Part III: The Future of Venture Capital: A New Path to Growth

By John Bhakdi

In Part II: Structured Seed Capital, we have seen how a Structured Seed Capital framework can capture clusters of best-in-class technology start-ups and return 33% p.a. at a zero risk of loss. For many VCs, this number looks much more like a threat than a promise: Why should Limited Partners choose to invest in traditional VC funds when Structured Seed Capital beats it by magnitudes both in return and risk?
121 Series A deals at an average gross performance of 38% p.a.
In discussions with partners at Top 10 VC firms, we have developed a different perspective on this issue. The i2X framework breeds pioneers instead of seeking nuggets – but this doesn’t mean that seeking nuggets has to get out of fashion. A deeper look into our historic performance reveals that out of 595 start-ups in a diligently designed portfolio, 121 received Series A VC investments. More importantly, they performed in aggregate at a staggering 38% p.a. gross return, dramatically higher than even the top quartile VC average. This means that historically, Structured Seed Capital not only creates a superior asset class in itself but opens a massive new source of high quality deal flow for conventional VC.

Which leads us to another question: what is the potential size of Structured Seed Capital – and with it, of concurrent VC growth? Is what we found just a small market inefficiency that allows a handful of LPs to deploy a few hundred million dollars – or could Structured Seed Capital impact startup innovation on a larger scale?
Accelerators experience explosive growth
To answer this question, we need to understand the growth dynamics that underlie the larger acceleration matrix. When Paul Graham, the father of modern start-up acceleration, started Y-Combinator at Harvard University in 2005, he believed that the right mix of capital, mentoring and networks could massively improve the success of seed start-ups. Starting with just eight founder teams, Paul quickly validated his hypothesis with a series of big hits, including Reddit, Dropbox and Heroku. Other thought leaders like Brad FeldDavid Cohe-n and Dave McClure started to create their own accelerators, and by 2009 the capacity of the acceleration matrix had grown to nearly 200 start-ups p.a. – an annualized growth rate of over 150%. There was still no robust model to simulate exact portfolio returns, but blockbusters such as Heroku, Airbnb and others provided sufficient evidence to fuel further growth. In 2013, the matrix has grown to over 400 accelerator programs in the US with an output of 1000+ start-ups. This massive expansion took place despite a highly adverse economic environment, a total lack of seed investment infrastructures, and doubtful VCs.
The Lean Startup Creates An Efficiency Revolution
At the core of this amazing expansion stands a revolution in the way entrepreneurs build start-ups: the Lean Startup methodology, best captured in Eric Ries’ bestselling book.

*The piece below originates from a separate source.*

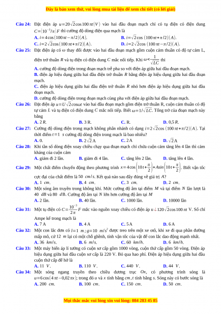 Câu 21: Với cùng một công suất cần truyền tải, nếu tăng hiệu điện thế hiệu dụng ở nơi truyền đi lên 20

It allows drastic improvements in the speed and efficiency of business innovation, and I consider it one of the most important process innovations of our time.

The acceleration matrix is not a secret anymore, and gets support from both corporate and government entities; in fact, creating startup accelerators has become a favorite topic for policy makers and bi-partisan initiatives at the highest level of government.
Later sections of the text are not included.